Take medicine, where the rigours of impartial medical science are increasingly threatened by the self-regarding dogmas of social engineering. AIDS, for example, is described in a paper from Brown University as a "biological expression of social inequality."

Plenty more examples of that kind of idiocy can be found. This article, from New Criterion, refers to it as "indoctrinology", the work of "indoctrinologists". A new if not especially catchy name for the old practice of killing patients with kindness - or, to give it an un-PC name, wilful stupidity.

Notes & Comments

Misappropriated DutchTax Money

In the referendum on the new European constitution, governments will spend taxpayers´ money to tell them which way to vote. Cynics won´t bat an eye at this; the rest of us can only weep for our misappropriated euros!

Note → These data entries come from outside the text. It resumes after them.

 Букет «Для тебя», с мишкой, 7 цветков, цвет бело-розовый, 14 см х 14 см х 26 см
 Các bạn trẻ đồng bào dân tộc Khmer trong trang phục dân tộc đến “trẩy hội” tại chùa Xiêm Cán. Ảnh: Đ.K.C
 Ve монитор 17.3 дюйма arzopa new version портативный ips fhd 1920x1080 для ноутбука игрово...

Today´s example comes from Holland, where 1.5 million euros have been earmarked to instruct electors to vote "yes". If it looks like enough taxpayers might vote "no", then their own money will be spent to persuade them otherwise.

This has become necessary in light of the latest poll results. Whereas normally the Dutch are reliably pro-EU and were assumed to be solidly in favour of the new constitution, a poll by Maurice de Hond last week showed a dramatically opposite tendency. The Dutch government realises, to its horror, that the debate is far more open and undecided than it had thought. Hence the need to help guide voters subtly toward the correct voting intention.

It seems foolish to waste money in this way. Surely it would be cheaper to cancel the whole referendum and approve the wretched constitution by government fiat?